I can count on one hand the number of glasses of beer I have had in my life.. It stinks to me.   BUT.... I have enjoyed a glass of Guinness, believe it or not.. It fascinates me the way it cascades in the glass... It tastes a little like cold coffee to me..


----------



## Twixie (Oct 24, 2014)

QuickSilver said:


> I can count on one hand the number of glasses of beer I have had in my life.. It stinks to me.   BUT.... I have enjoyed a glass of Guinness, believe it or not.. It fascinates me the way it cascades in the glass... It tastes a little like cold coffee to me..



It's lager I drink..blonde beer..I did go to a ''real ale'' fest once..I had 2 half pints..it went through me like a freight train...


----------



## Ameriscot (Oct 24, 2014)

QuickSilver said:


> I can count on one hand the number of glasses of beer I have had in my life.. It stinks to me.   BUT.... I have enjoyed a glass of Guinness, believe it or not.. It fascinates me the way it cascades in the glass... It tastes a little like cold coffee to me..



Don't like Guinness at all or any dark beer.  I was an occasional beer drinker before we went to Uganda for two years, but while living there I became a big beer drinker...and have stayed one, and my taste has 'matured' so that I like a lot of different types of beer and ales.
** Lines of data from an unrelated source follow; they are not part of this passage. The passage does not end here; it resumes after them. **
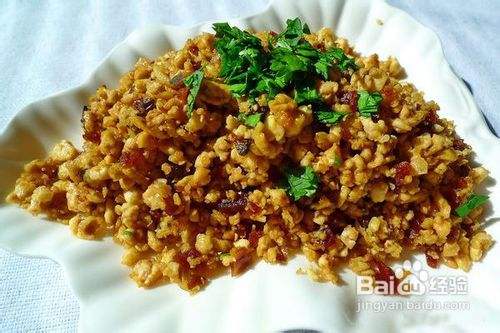 制作:1、嫩豆腐去皮切小块,在开水锅中焯一下,捞出;熟火腿切成细末;鸡里脊肉去筋,剁成茸,放入碗中,用清水(3克)搅散,加入绍酒、精盐(2克)、味精(半克)、干淀粉搅匀;鸡蛋清放入盆内,用筷子用力向一个方向快速搅打成雪白的蛋泡糊,倒入盛鸡茸的碗里搅拌均匀成鸡茸糊。2、炒锅里放鸡清汤、豆腐,旺火上烧开,加入精盐、味精,烧到豆腐入味,用漏勺捞出,放入碗里;原锅汤汁再煮开,用湿淀粉勾成薄芡,慢慢下入鸡肉茸糊,同时不断用勺推拌并加入猪油(以免烧糊),待鸡茸糊熟后,即下豆腐拌和,出锅装盆,撒上火腿末即可。
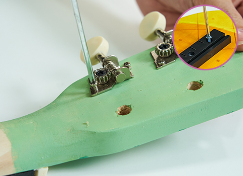 연결목 상단의 구멍과 줄감개를 맞춰 나사로 고정시키고 울림통에는 브릿지를 나사로 연결한다.
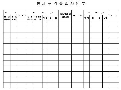 통제구역 출입자 명부 양식 2019-08-21 by sugar 통제구역출입자명부.hwp 0.03MB 결재 년월일 출입자 출입시간 및 퇴근시간 용무 입회자 보안 책임자 보안 담당자 소속 (주소) 주민등록 번호 직명 성명 직위
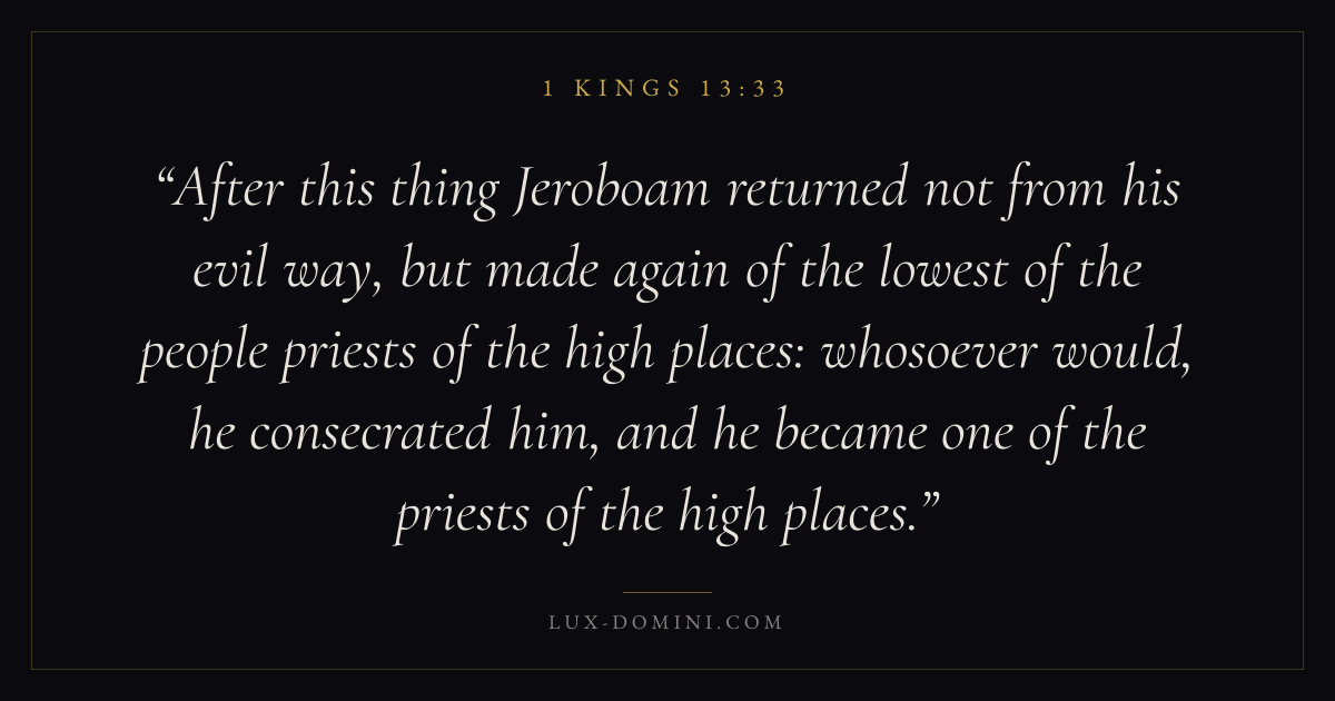 After this thing Jeroboam returned not from his evil way, but made again of the lowest of the people priests of the high places: whosoever would, he consecrated him, and he became one of the priests of the high places.

The only thing really limiting my beer consumption is the calories.


----------



## Ameriscot (Oct 24, 2014)

Twixie said:


> It's lager I drink..blonde beer..I did go to a ''real ale'' fest once..I had 2 half pints..it went through me like a freight train...
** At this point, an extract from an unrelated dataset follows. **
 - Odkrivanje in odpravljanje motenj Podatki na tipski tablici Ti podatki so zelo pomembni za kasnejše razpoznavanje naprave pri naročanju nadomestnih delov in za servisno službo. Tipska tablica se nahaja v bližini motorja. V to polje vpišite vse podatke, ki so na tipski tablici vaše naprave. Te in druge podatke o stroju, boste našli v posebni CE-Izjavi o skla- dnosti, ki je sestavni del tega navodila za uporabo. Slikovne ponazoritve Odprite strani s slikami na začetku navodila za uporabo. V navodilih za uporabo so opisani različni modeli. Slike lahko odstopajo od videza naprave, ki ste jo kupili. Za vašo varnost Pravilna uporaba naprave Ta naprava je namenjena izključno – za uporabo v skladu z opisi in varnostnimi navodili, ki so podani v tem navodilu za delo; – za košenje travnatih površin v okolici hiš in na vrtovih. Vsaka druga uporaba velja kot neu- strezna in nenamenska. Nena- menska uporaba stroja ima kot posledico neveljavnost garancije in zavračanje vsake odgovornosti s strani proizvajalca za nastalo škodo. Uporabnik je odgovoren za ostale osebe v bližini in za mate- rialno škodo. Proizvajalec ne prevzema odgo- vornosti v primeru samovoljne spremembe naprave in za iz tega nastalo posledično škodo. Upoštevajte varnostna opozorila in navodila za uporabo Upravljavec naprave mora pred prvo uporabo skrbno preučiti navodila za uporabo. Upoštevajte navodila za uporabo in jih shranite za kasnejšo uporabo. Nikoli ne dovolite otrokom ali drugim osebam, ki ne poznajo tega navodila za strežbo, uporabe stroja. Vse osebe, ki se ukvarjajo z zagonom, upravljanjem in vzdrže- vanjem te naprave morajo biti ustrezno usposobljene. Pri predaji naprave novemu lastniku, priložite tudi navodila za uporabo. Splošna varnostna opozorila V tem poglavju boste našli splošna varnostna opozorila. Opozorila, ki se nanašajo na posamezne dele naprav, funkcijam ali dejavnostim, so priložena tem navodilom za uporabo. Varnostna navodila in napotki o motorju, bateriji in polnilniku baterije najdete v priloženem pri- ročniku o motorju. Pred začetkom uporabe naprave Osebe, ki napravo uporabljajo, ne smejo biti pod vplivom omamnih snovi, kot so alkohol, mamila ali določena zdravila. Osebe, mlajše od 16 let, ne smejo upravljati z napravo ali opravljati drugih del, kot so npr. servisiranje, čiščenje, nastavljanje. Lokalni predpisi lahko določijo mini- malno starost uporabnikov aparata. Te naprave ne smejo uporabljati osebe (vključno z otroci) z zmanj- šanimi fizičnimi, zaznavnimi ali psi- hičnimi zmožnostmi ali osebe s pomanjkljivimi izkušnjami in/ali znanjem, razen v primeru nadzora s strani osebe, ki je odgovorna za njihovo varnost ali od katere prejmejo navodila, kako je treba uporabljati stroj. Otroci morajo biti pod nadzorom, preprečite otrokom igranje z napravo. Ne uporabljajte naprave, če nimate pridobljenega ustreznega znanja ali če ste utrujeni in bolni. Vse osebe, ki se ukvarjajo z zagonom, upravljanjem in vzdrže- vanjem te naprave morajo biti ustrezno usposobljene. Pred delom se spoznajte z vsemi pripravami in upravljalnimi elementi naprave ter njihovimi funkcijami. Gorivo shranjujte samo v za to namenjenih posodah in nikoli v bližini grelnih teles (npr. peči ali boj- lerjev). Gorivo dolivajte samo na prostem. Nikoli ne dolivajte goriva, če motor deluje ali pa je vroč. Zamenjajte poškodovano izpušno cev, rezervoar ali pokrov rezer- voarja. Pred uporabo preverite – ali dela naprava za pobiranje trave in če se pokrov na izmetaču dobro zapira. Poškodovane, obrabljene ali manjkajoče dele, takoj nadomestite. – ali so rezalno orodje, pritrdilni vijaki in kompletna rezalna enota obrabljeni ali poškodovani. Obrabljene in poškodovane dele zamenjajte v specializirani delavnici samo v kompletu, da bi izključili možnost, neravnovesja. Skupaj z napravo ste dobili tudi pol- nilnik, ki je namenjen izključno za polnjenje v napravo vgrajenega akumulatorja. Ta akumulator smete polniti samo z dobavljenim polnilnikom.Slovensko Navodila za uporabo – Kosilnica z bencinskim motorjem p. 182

I like to try all the different ones at Wetherspoons.  They always have a good selection which changes constantly.


----------



## Ralphy1 (Oct 24, 2014)

Beefeater will keep me alive!  Maybe to 105!  I'll drink, and do, to that...


----------



## Twixie (Oct 24, 2014)

But the best drink I have ever tasted is Bollinger champagne..it is luscious..
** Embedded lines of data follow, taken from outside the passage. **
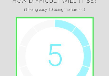 Rate the difficulty of the goal. Use the wheel to rate the difficulty of the challenge on a scale of 1 - 10. Drag the small wheel to one of the 10 sections on the larger wheel to rate the activity.
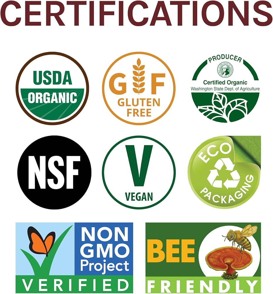 مكونات آمنة وذكية: فطر عضوي معتمد ومزروع بشكل مستدام ومزروع في الولايات المتحدة الأمريكية من الغابة، إلى مزرعتنا، إليك
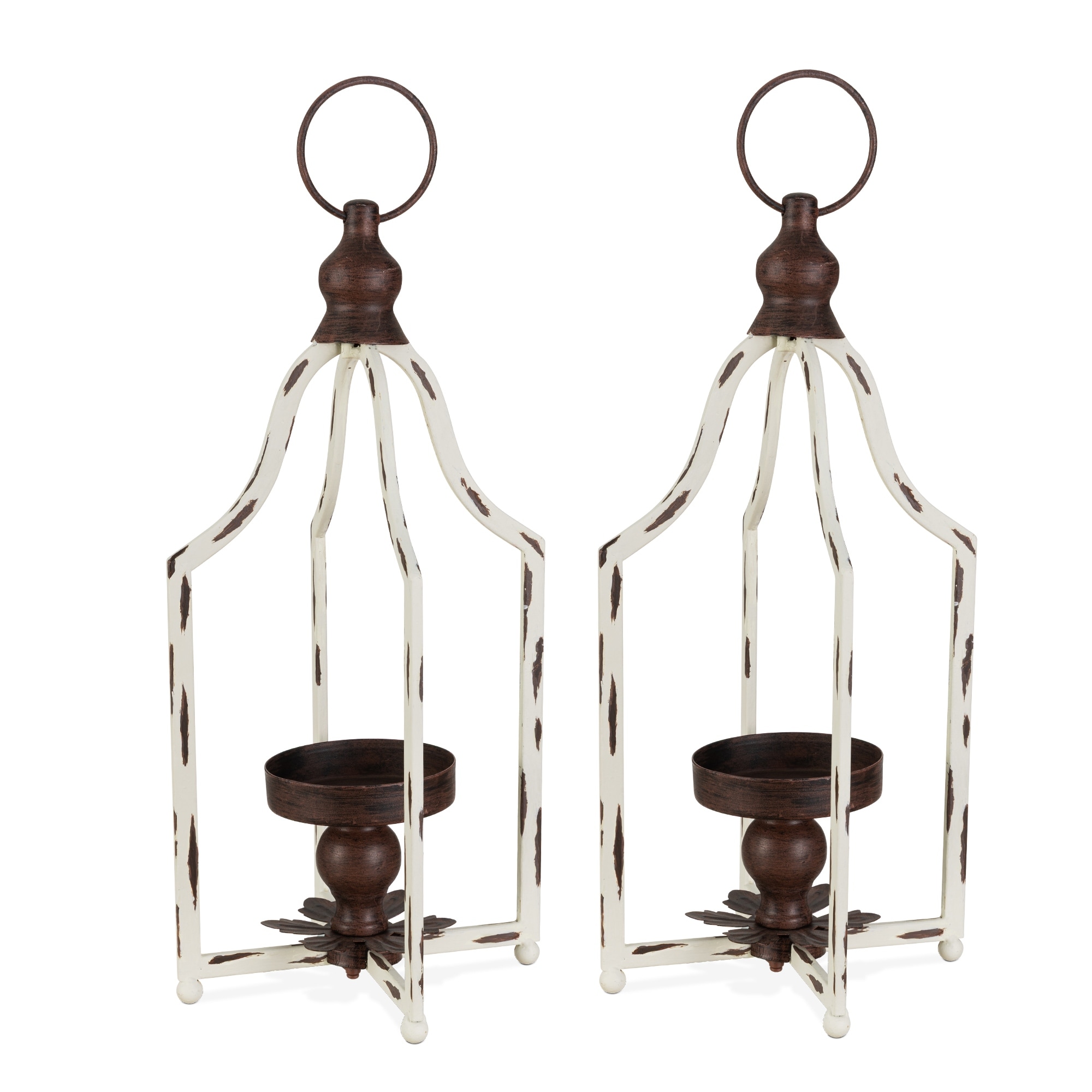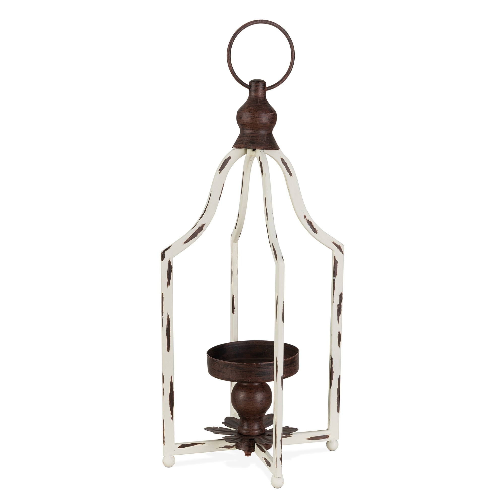 Glitzhome 16.50"H Modern Farmhouse Small Antique White Metal Lantern Candle Holder

It's around £40 a bottle..but when you get into the seriously aged bottles..it can cost thousands..


----------



## Bullie76 (Oct 24, 2014)

I've been having a drink at night for years. Had one last night.........I think.


----------



## Twixie (Oct 24, 2014)

LOL Bullie76..


----------



## Falcon (Oct 24, 2014)

I drink because it's there.


----------



## Jackie22 (Oct 24, 2014)

I'll have an occasional Margarita or a glass of wine when I'm not driving.


----------



## oldman (Oct 24, 2014)

rkunsaw said:


> I drink a half glass of red muscadine wine most evenings. That's the only alcohol I drink.



Ditto here. I also like Merlot. Half a glass in my favorite glass and that's it. Time for bed.


----------